In the above figure, black dots are the actual datapoints. Dark blue colour area is the trend variation of the data which has been predicted for the 2016-2017 period (indicated by red arrow) by the prophet model. The light blue regions represent the range of bounding boxes yhat_upper and yhat_lower.
You can also see the forecast components using the
Prophet.plot_components method. By default you’ll see the trend, yearly seasonality, and weekly seasonality of the time series. If you include holidays, you’ll see those here, too.
Once the forecast is obtained from the model, the accuracy of the model has to be measured using a relevant performance metric. Prophet includes an inbuilt function in order to carry out cross validation to measure forecast error using historical data. The forecast horizon (
horizon), initial training period (
initial) and the spacing between cutoff dates (
period) should be specified.
Here cross-validation is done to assess prediction performance on a horizon of 365 days, starting with 730 days of training data in the first cutoff and then making predictions every 180 days. On this 8 year time series, this corresponds to 11 total forecasts. Thus the performance metrics can be calculated
from fbprophet.diagnostics import cross_validation
df_cv = cross_validation(model, initial='730 days', period='180 days', horizon = '365 days')

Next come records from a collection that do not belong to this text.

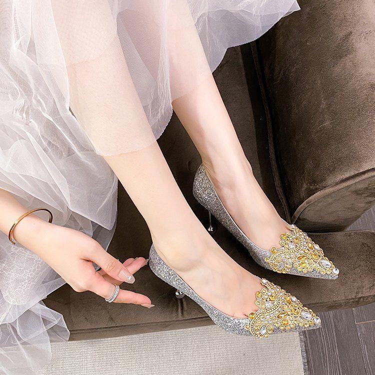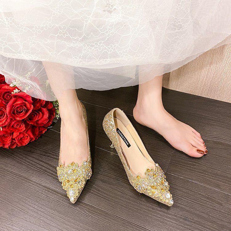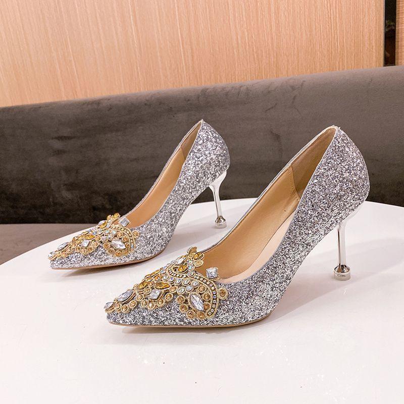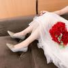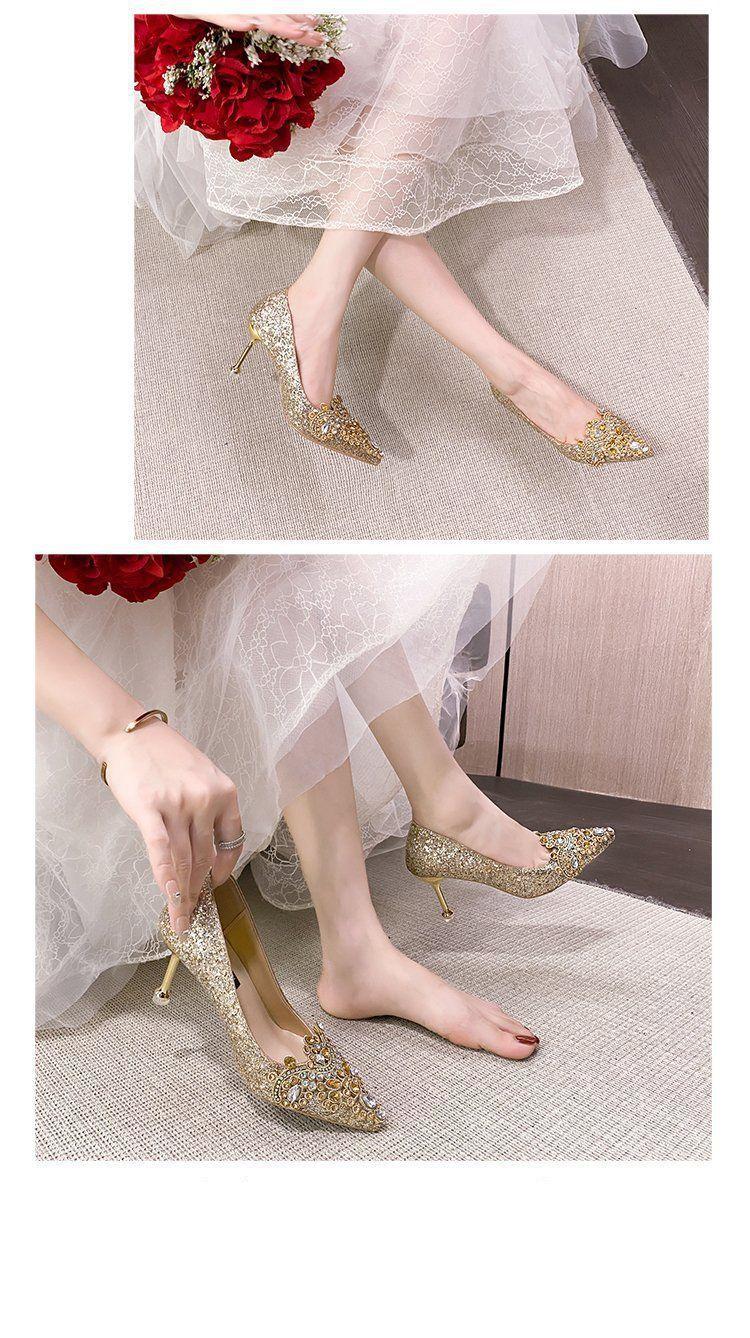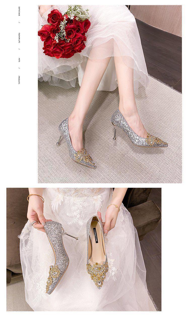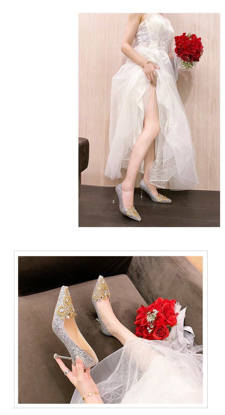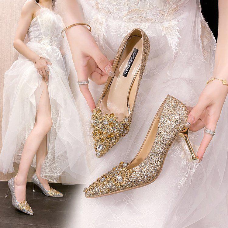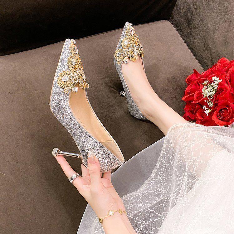 Vestido de Boda Xiuhe con Pedrería Color Champán Francés Dos Usos Zapatos Individuales de Tacón Alto Mujer 2025 Nuevos Zapatos de Boda Plateados Zapatos de Novia
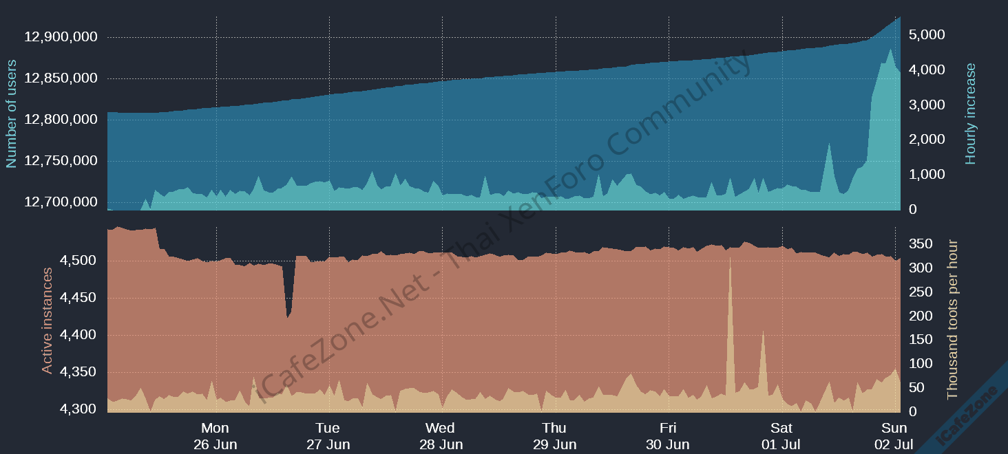 แพลตฟอร์มโซเชียล Mastodon ก็มีจำนวนผู้สมัครใช้งานเพิ่มขึ้นสูงจากเหตุการณ์นี้เช่นกัน บัญชี @mastodonusercount รายงานตัวเลขล่าสุดมีผู้สมัครใหม่มากกว่า 4 หมื่นบัญชี ในช่วง 1 วันที่ผ่านมา
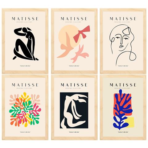 Set Di 6 Stampe Illustrazioni Artistiche Di Henri Matisse Collezione Di Sagome Di Dipinti Decorativi Cornici In Legno Chiaro A3 Telaio In Legno Chiaro
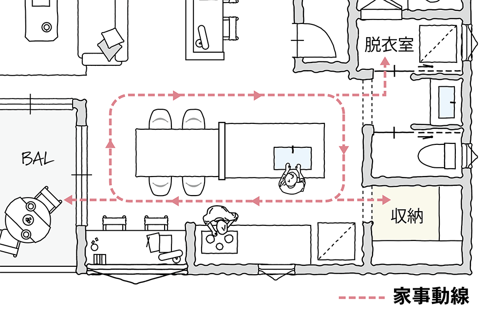 アイランド型のセパレートキッチンを中心に、洗濯機のある脱衣室やバルコニーを、回遊できる家事動線でつなぎました。水廻りとバルコニーが同じフロアにあり、階段を使わずに、料理と洗濯が効率よく行えます。またキッチン横に設けた、大容量の収納スペースは、食料品や日用品をまとめ買いでき、お買い物回数を減らせます。

Thus the performance metrics can be calculated. The statistics computed are mean squared error (MSE), root mean squared error (RMSE), mean absolute error (MAE), mean absolute percent error (MAPE), median absolute percent error (MDAPE) and coverage of the
from fbprophet.diagnostics import performance_metrics
df_p = performance_metrics(df_cv)
Cross validation performance metrics can be visualized with
plot_cross_validation_metric, here shown for MAPE. Dots show the absolute percent error for each prediction in
df_cv. The blue line shows the MAPE, where the mean is taken over a rolling window of the dots. We see for this forecast that errors around 5% are typical for predictions one month into the future, and that errors increase up to around 11% for predictions that are a year out.
from fbprophet.plot import plot_cross_validation_metric
fig = plot_cross_validation_metric(df_cv, metric='mape')

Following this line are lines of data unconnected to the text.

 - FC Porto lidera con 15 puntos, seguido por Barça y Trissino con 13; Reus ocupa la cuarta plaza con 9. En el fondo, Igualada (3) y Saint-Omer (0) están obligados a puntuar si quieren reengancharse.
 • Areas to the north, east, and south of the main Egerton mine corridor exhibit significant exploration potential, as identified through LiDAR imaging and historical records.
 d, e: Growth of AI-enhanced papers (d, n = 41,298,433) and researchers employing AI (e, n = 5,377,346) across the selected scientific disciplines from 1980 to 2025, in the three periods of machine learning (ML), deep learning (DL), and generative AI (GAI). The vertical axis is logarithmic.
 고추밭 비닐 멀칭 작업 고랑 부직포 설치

It can also be visualised for the other metrics such as rmse, mae and mse which have been already done in the complete code. You can access the source code for this tutorial here.
There are many time-series models such as ARIMA, exponential smoothing, snaive …etc which can be used for forecasting from historical data. From the practical example, it seems that Prophet provides completely automated forecasts just as its official document states. It’s fast and productive which would be very useful if your organisation doesn’t have a very solid data science team handing predictive analytics. It saves your time to answer internal stakeholder’s or client’s forecasting questions without spending too much effort to build an amazing model based on classic time-series modeling techniques.